# EXERCISE GOAL
Beginning with the line that contains "- Ajuste de" and ending with the line that contains "The image below shows", reproduce the lines of the entries below exactly, omitting pictures.
****************************************
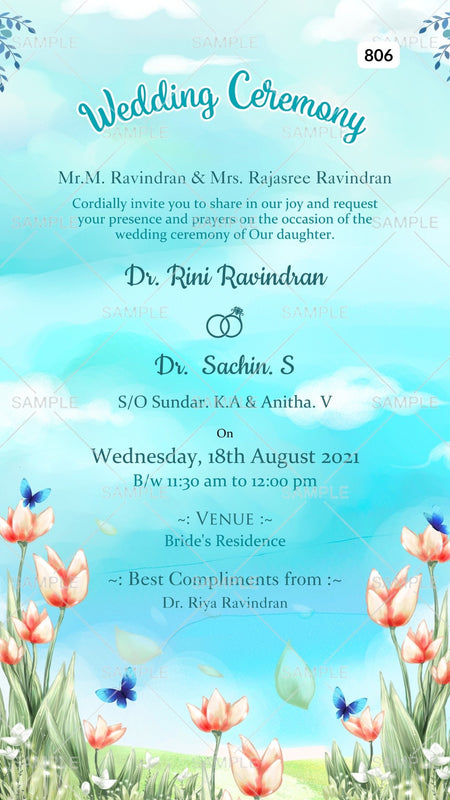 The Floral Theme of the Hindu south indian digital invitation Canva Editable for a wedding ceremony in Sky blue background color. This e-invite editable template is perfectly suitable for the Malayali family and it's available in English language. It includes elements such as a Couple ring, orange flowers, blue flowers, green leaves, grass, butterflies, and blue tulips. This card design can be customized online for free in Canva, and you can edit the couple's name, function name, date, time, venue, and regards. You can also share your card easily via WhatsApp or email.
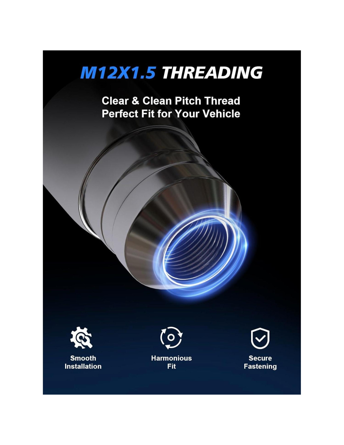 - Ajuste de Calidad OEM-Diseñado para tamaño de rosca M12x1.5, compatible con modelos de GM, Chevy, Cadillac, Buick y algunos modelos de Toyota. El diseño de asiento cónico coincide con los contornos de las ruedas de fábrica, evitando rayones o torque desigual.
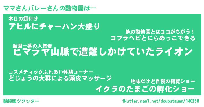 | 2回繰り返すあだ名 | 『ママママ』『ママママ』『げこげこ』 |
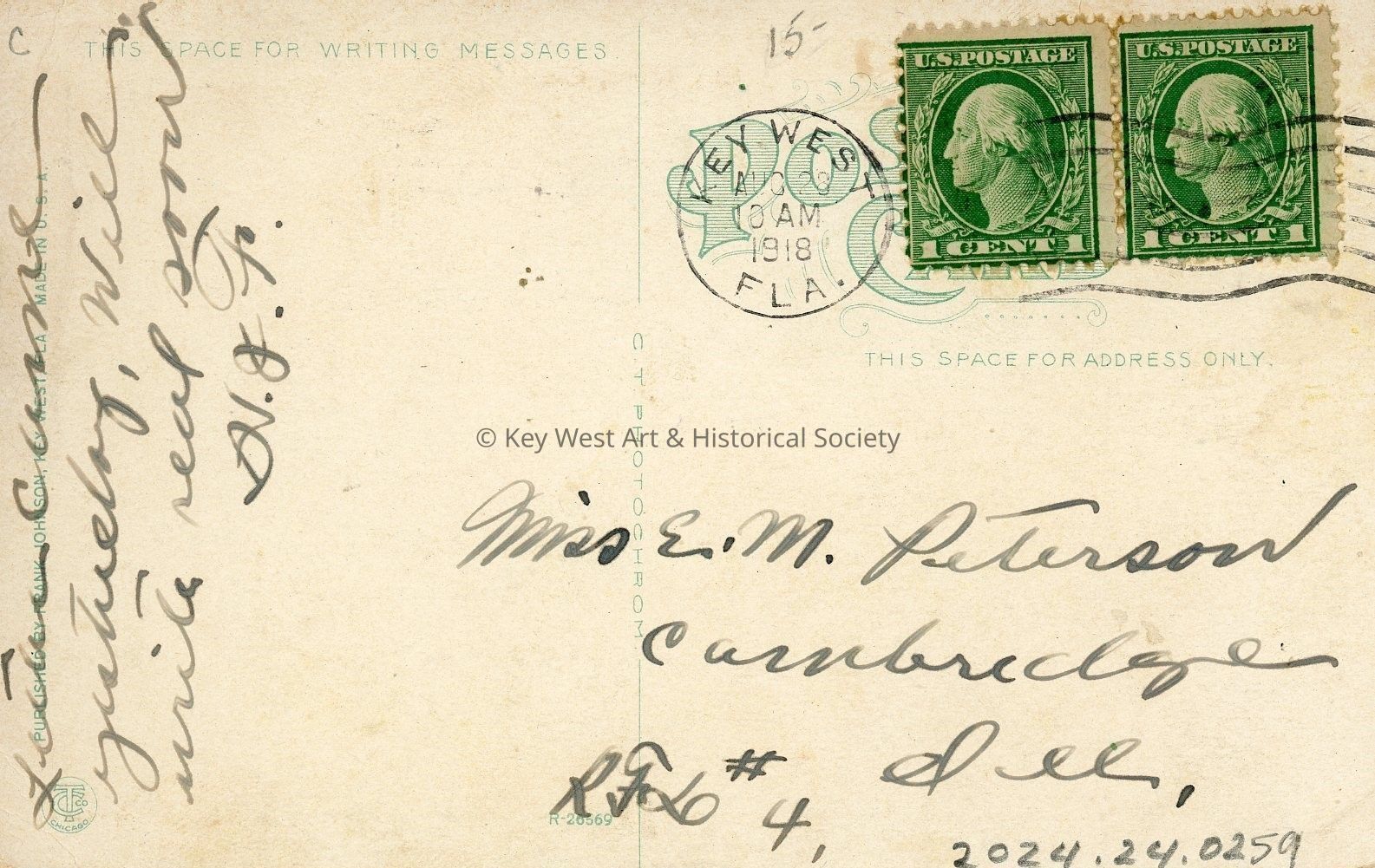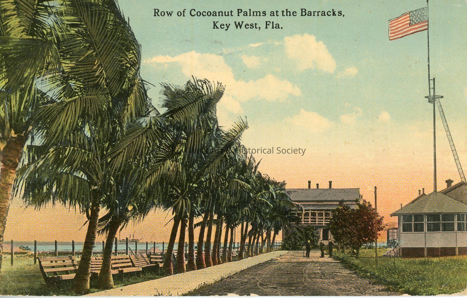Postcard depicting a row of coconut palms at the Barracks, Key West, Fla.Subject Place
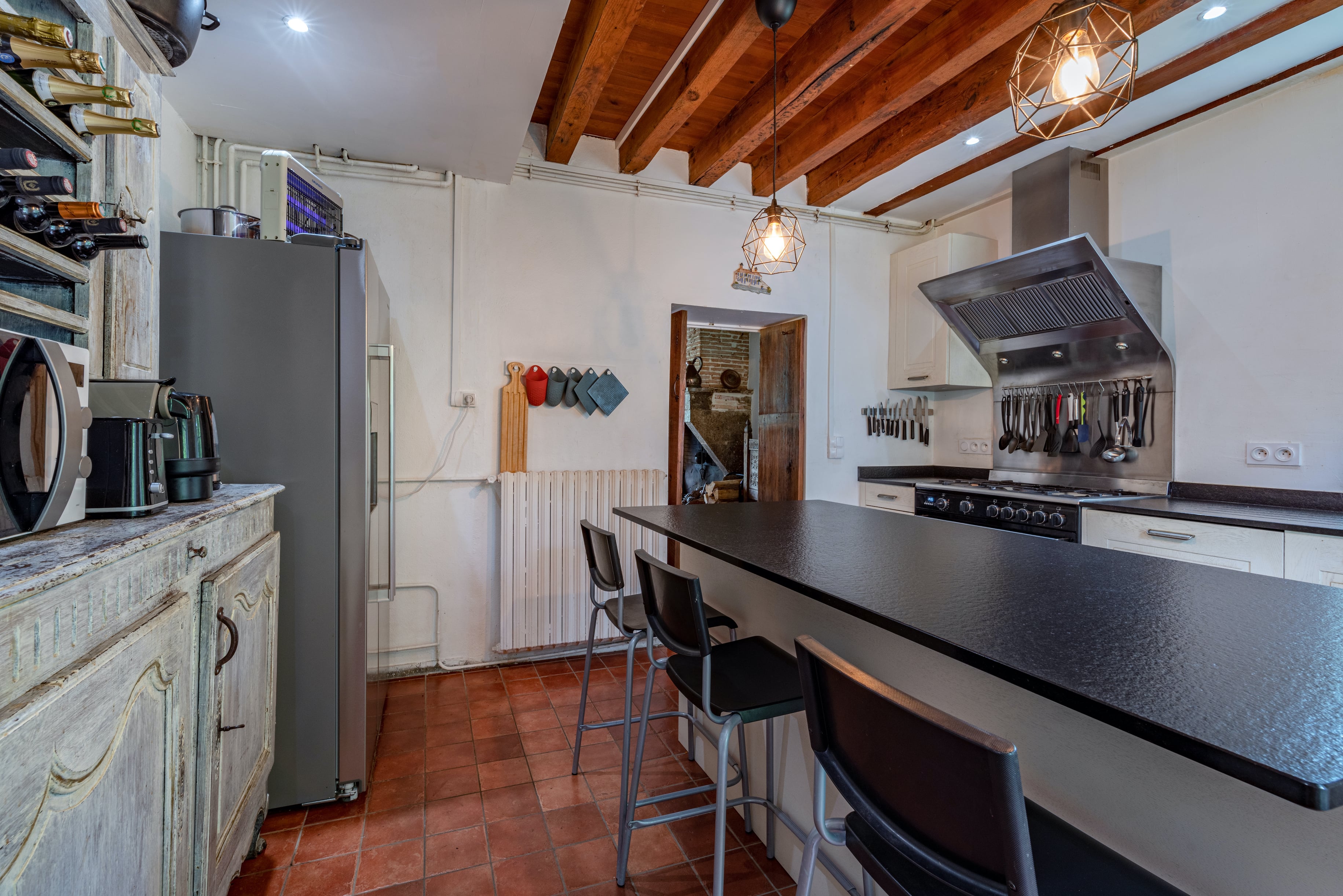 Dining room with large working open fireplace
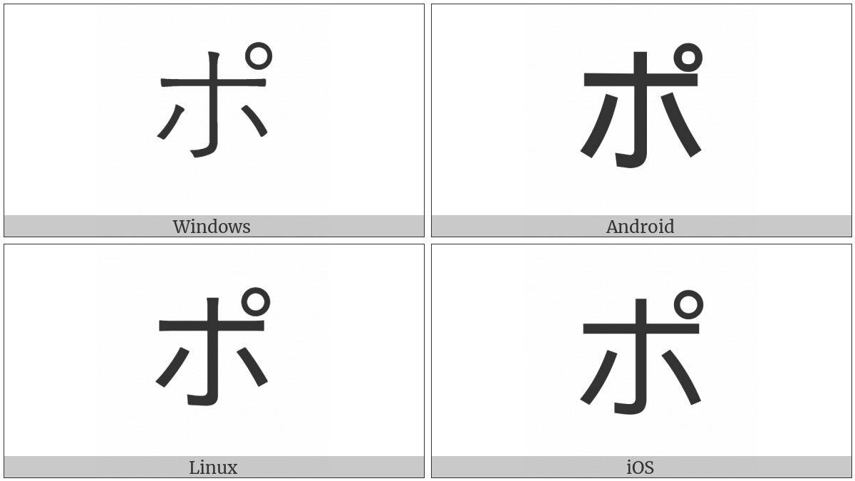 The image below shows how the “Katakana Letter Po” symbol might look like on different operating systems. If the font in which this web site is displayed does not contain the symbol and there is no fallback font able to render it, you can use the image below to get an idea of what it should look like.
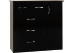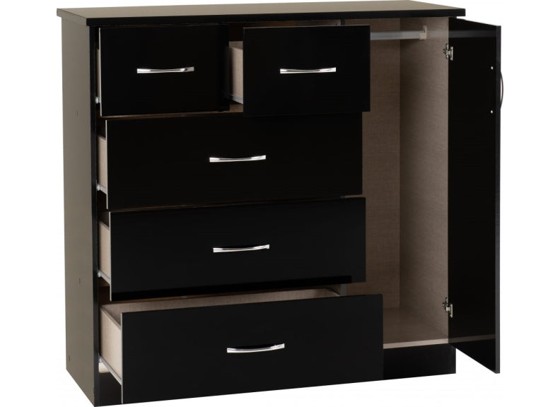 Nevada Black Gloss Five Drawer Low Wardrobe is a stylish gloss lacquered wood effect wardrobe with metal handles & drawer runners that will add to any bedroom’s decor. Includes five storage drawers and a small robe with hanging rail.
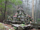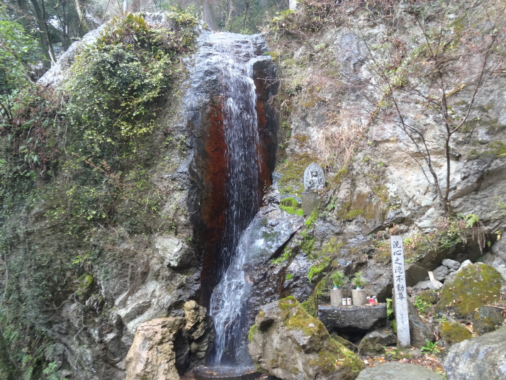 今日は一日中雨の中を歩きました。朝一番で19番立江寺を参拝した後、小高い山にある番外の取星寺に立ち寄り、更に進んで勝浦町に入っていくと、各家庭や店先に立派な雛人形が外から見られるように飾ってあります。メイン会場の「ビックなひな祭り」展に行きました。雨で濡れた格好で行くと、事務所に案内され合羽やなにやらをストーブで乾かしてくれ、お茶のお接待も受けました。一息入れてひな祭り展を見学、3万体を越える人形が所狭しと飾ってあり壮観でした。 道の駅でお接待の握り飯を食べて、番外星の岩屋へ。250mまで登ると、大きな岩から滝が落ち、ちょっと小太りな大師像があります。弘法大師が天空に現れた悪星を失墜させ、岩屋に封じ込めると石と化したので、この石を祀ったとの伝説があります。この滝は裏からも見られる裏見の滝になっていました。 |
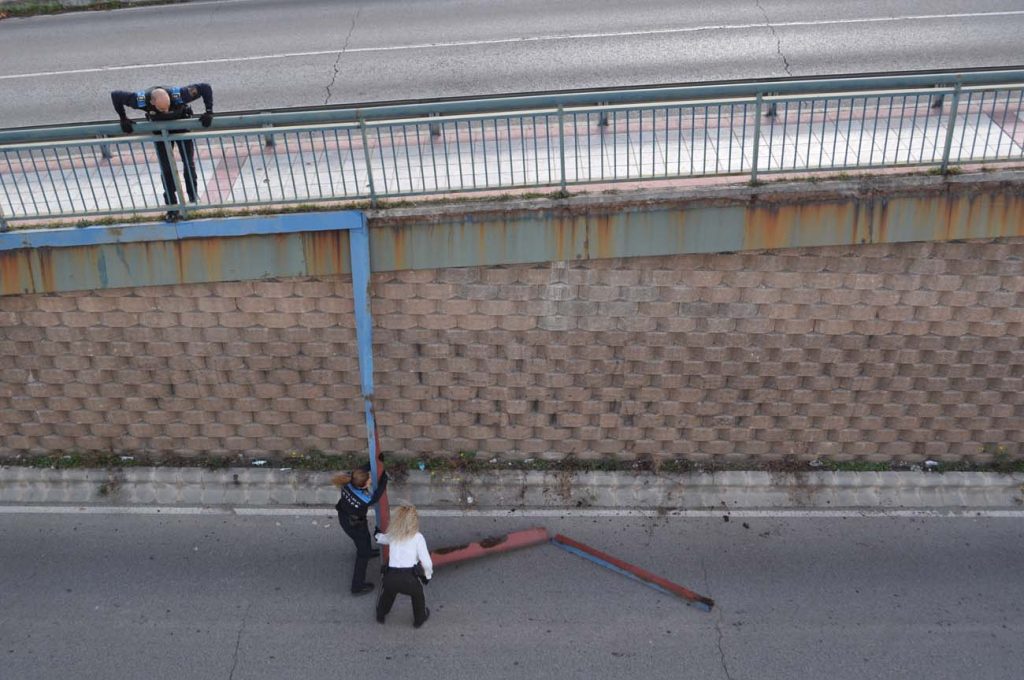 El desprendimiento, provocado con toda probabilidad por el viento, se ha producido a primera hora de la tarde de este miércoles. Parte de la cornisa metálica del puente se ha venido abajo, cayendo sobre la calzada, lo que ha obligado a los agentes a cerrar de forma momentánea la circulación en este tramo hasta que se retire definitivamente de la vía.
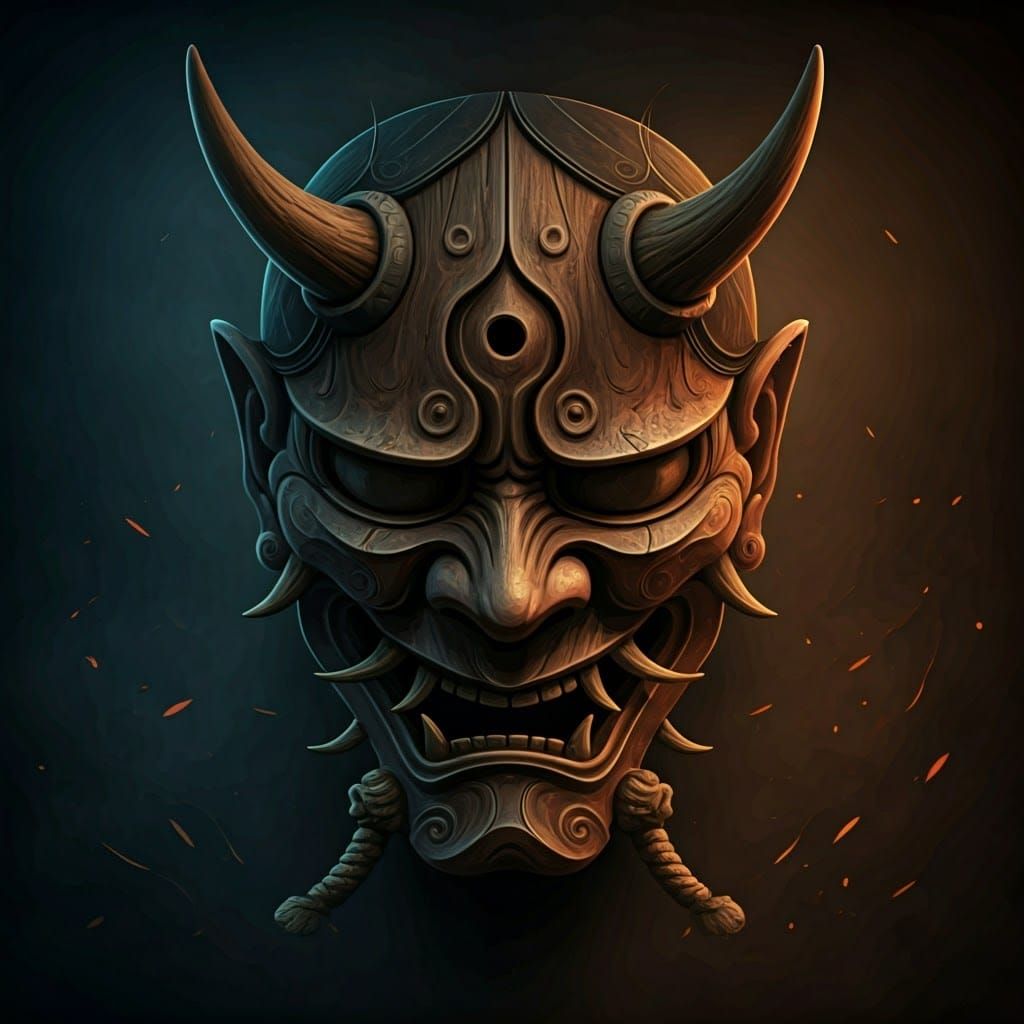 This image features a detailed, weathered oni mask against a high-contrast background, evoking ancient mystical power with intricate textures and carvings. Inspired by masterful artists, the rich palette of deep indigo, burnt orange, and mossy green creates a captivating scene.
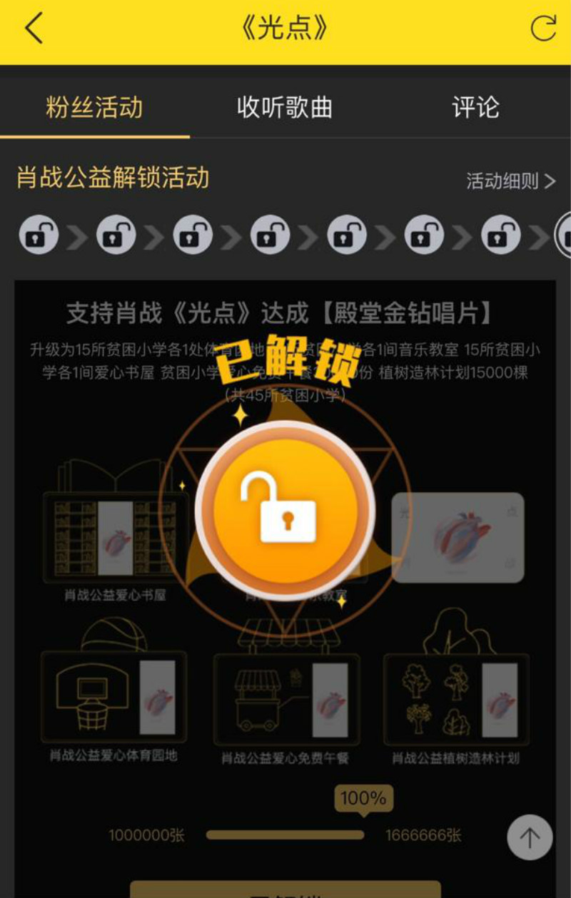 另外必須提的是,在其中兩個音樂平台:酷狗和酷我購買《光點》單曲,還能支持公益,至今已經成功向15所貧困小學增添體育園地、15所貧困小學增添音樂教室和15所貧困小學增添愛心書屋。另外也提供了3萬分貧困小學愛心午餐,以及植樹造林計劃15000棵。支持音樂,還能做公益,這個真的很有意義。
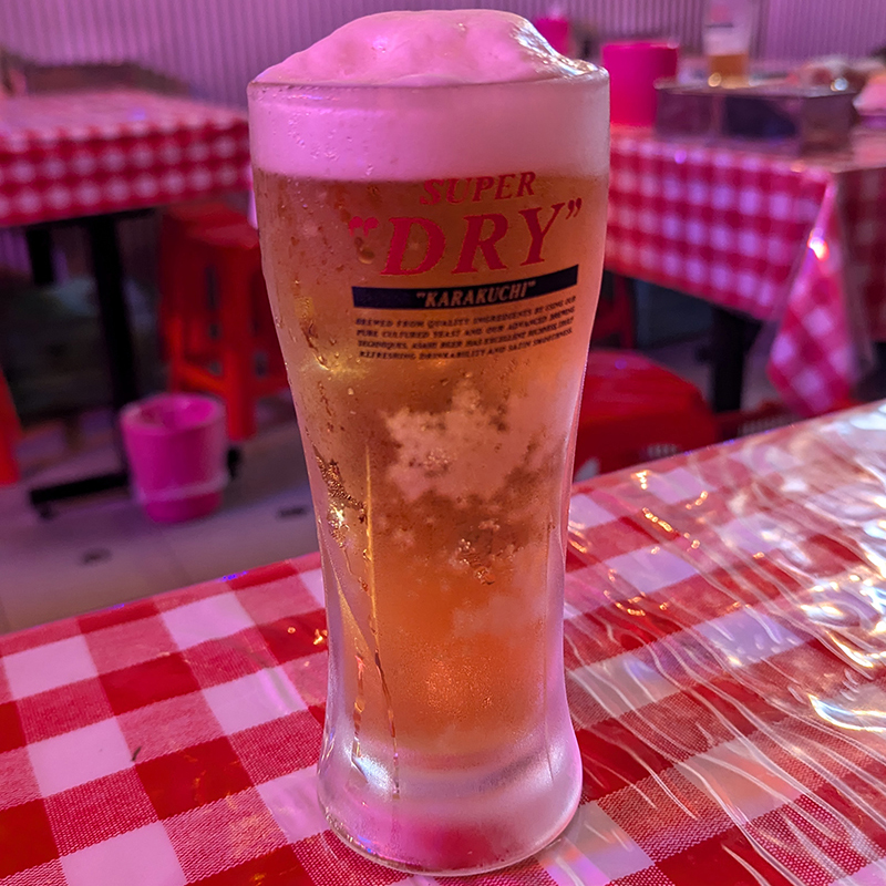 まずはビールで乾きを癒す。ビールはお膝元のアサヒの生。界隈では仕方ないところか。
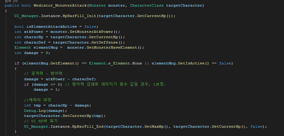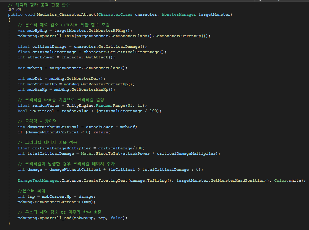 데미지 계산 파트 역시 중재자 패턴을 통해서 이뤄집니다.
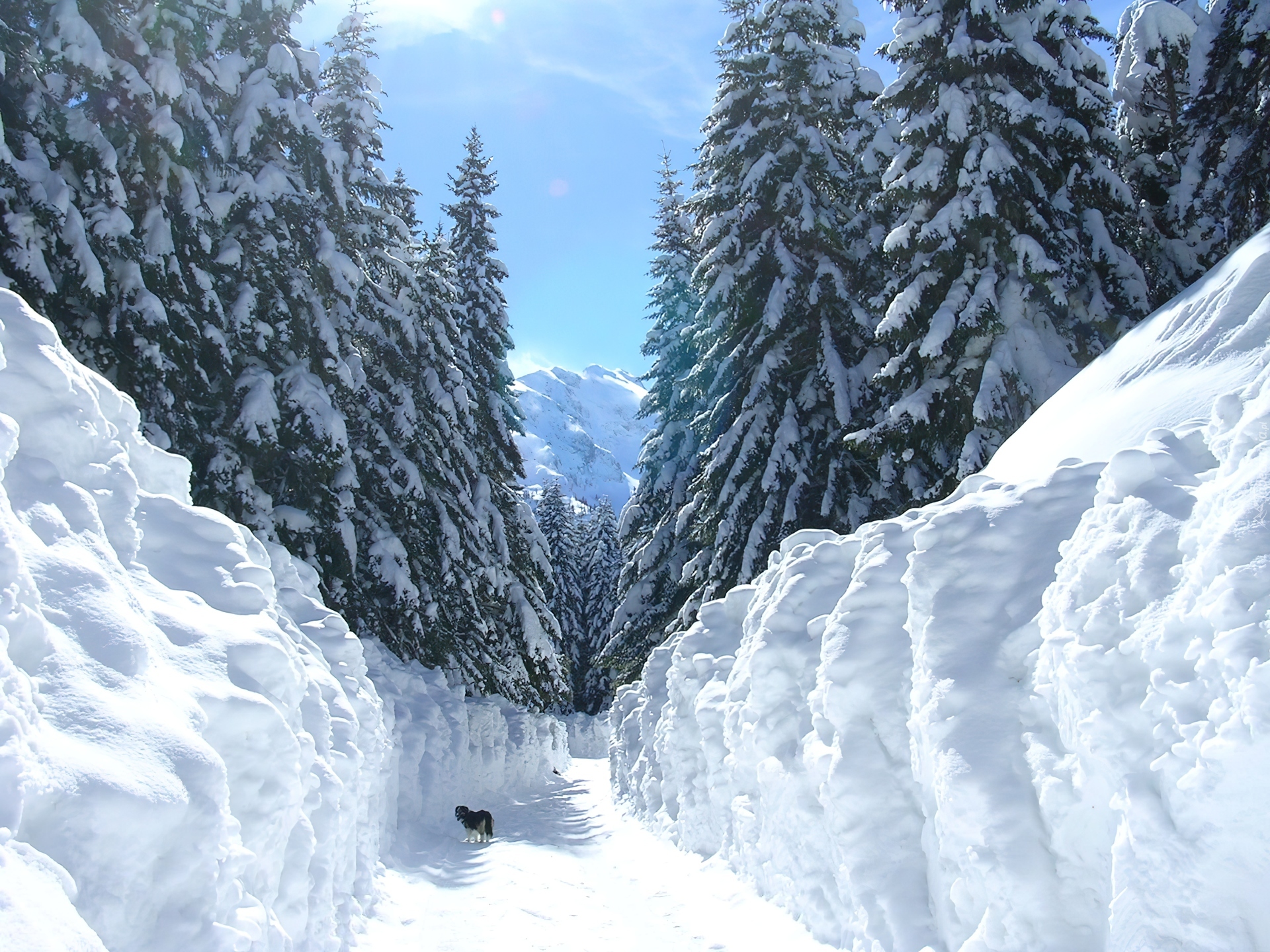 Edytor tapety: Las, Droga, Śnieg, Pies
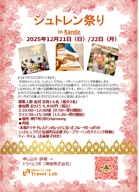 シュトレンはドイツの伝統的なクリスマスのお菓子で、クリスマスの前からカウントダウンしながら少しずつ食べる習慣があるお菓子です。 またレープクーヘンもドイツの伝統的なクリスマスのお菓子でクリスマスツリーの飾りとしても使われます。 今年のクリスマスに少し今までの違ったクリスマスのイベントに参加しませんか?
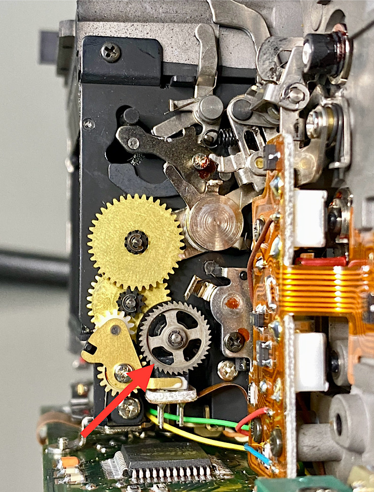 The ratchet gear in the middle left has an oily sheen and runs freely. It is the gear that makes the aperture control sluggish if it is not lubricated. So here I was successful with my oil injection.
****************************************
# FINAL ANSWER
 - Ajuste de Calidad OEM-Diseñado para tamaño de rosca M12x1.5, compatible con modelos de GM, Chevy, Cadillac, Buick y algunos modelos de Toyota. El diseño de asiento cónico coincide con los contornos de las ruedas de fábrica, evitando rayones o torque desigual.
 | 2回繰り返すあだ名 | 『ママママ』『ママママ』『げこげこ』 |
Postcard depicting a row of coconut palms at the Barracks, Key West, Fla.Subject Place
 Dining room with large working open fireplace
 The image below shows how the “Katakana Letter Po” symbol might look like on different operating systems. If the font in which this web site is displayed does not contain the symbol and there is no fallback font able to render it, you can use the image below to get an idea of what it should look like.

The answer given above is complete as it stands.